All Sanna Moder wants is to get across town. She needs to start preparing for her roommate Liska's party, but she and her friend Gerti are being detained by, of all things, the Fuhrer's visit to the city. All the roads are blocked off, and the SS is not letting anyone through. This is Frankfurt, Germany, in the mid-1930s, but Sanna is not thinking much about the police state her homeland is turning into. After all, she promised she'd find a blacklisted journalist who Liska is head over heels in love with and put in a good word for her.

Sanna may be oblivious to the changing times, but it's not like those paying attention in Irmgard Keun's recently reissued After Midnight are having a better time of it. Sanna's brother's novels have been banned, due to their contrarian political views. He's thinking about writing a fawning epic poem about Hitler in order to get back into print. Liska's too-prescient love interest comes to a bad end, and others are finding their husbands or daughters suddenly whisked off, never to be heard from again. Sanna herself understands enough to know what she shouldn't say — for the most part. As she listens to the radio and a propaganda speech assuring the destruction of anyone who would stand in the way of Germany's future, she wonders if she could possibly, unintentionally, be one of the dissidents. The complexity of the politics in these aggressive messages is too much for her to fully grasp. "I still don't know what it is all about, or what they mean. And it's far too dangerous to ask anyone." The safest route is to keep her head down, go about her life and concentrate on parties — not the political ones; the ones that require dresses.

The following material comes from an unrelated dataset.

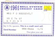 DescriptionA 1961 Bell System Credit Card, card number 988-8665 -L72. The card is made out to: MRS F D ROOSEVELT / 55 E 74 ST / N Y 21, N Y. The card is unsigned. The printed reverse has a grid to write phone numbers down.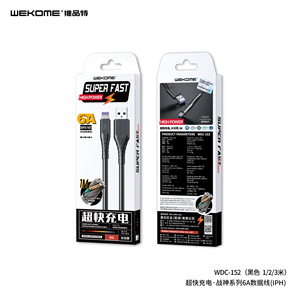 wekome战神PVC材质1米2米3米长6A快充PD20W数据传输480mbps充电线

After Midnight begins lightly enough. Sanna opens her narration by making jokes about the SS, but her wry cracks quickly take a dark turn. "I mean, it's pure chance that poison gas isn't eating my body away right now," she tells us. Try as she might to stay in a fantasy world where she can marry her lover Franz, open a little shop and travel to Nice, that parade she and Gerti are trying to circumnavigate might as well run right through her living room.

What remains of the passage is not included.